The EU will ban Russian crude imports from that date, and Russian oil products from Feb. 5, depriving Russia of oil revenues and forcing one of the world's top oil producers and exporters to seek alternative markets.
In addition, a G7 plan, intended as an add-on to the EU embargo, will allow shipping services providers to help to export Russian oil, but only at enforced low prices. This is also set to take effect on Dec. 5.
"Our sanctions will cover crude for EU member states so we will not buy Russian crude oil starting from December 5 and we covered the possible oil price gap for international buyers with our eighth package of sanctions," EU energy commissioner Kadri Simson said.
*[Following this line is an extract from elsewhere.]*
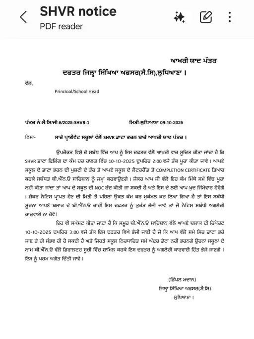 Buland kesari/Ludhiana Schools: ਲੁਧਿਆਣਾ ਦੇ ਜ਼ਿਲ੍ਹਾ ਸਿੱਖਿਆ ਅਧਿਕਾਰੀ ਨੇ ਜ਼ਿਲ੍ਹੇ ਦੇ 393 ਪ੍ਰਾਈਵੇਟ ਸਕੂਲਾਂ ਨੂੰ ਇੱਕ ਨੋਟਿਸ ਜਾਰੀ ਕੀਤਾ ਹੈ, ਜਿਸ ਵਿੱਚ ਉਨ੍ਹਾਂ ਨੂੰ ਦੁਪਹਿਰ 2 ਵਜੇ ਤੱਕ ਆਪਣਾ ਕਲੀਨ ਐਂਡ ਗ੍ਰੀਨ ਸਕੂਲ (SHVR) ਡੇਟਾ ਪੋਰਟਲ ‘ਤੇ ਜਮ੍ਹਾਂ ਕਰਵਾਉਣਾ ਪਵੇਗਾ। ਕਿਹਾ ਗਿਆ ਹੈ, ਨਹੀਂ ਤਾਂ ਉਨ੍ਹਾਂ ਦਾ NOC ਰੱਦ ਕਰ ਦਿੱਤਾ ਜਾਵੇਗਾ। ਜ਼ਿਲ੍ਹਾ ਸਿੱਖਿਆ ਵਿਭਾਗ ਵਿੱਕੀ ਤੋਂ ਛੋਟਾ ਨੋਟਿਸ ਮਿਲਣ ਤੋਂ ਬਾਅਦ ਪ੍ਰਾਈਵੇਟ ਸਕੂਲ ਸੰਚਾਲਕ ਘਬਰਾ ਗਏ ਹਨ।
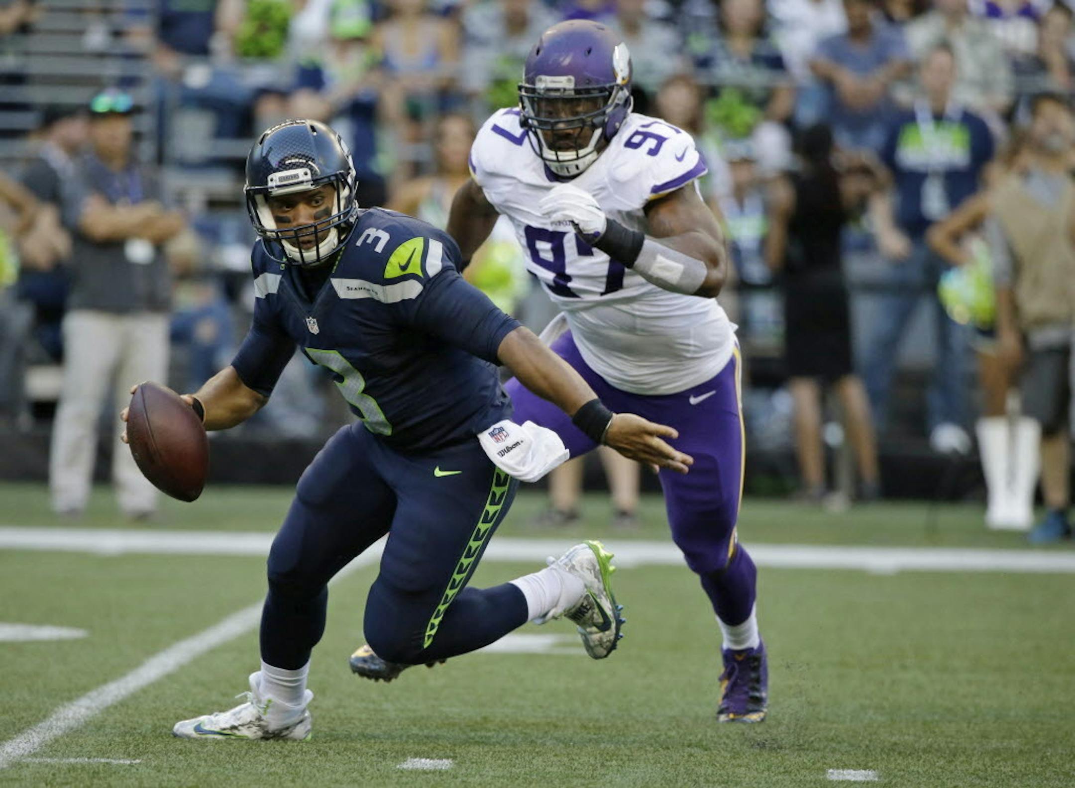 The Vikings defense got an early test against one of the NFL's best dual threats, Russell Wilson, in Thursday night's 18-11 preseason victory in Seattle.

"If the G7 will decide the exact price cap level, we also will need a council mandate for that," she said on the sidelines of the COP 27 climate summit in Egypt this week.
Simson said there was enough time: "We have been able to negotiate within days. So the overall framework is in place."
The International Energy Agency said this week the move to deprive Moscow of revenue would create more uncertainty for oil markets and add to pressure on prices, including diesel. read more
Washington plans to issue guidance in coming days on the Russian oil price cap and is ready for some "hiccups" in its implementation, a U.S. State Department official said separately.
An EU official said that exchanges continued with the G7 in view of the Dec. 5 deadline.
"The aim is of course to have finalised an agreement with the G7 before the 5th Dec," the official said, adding it was "aware that there’s not much time left".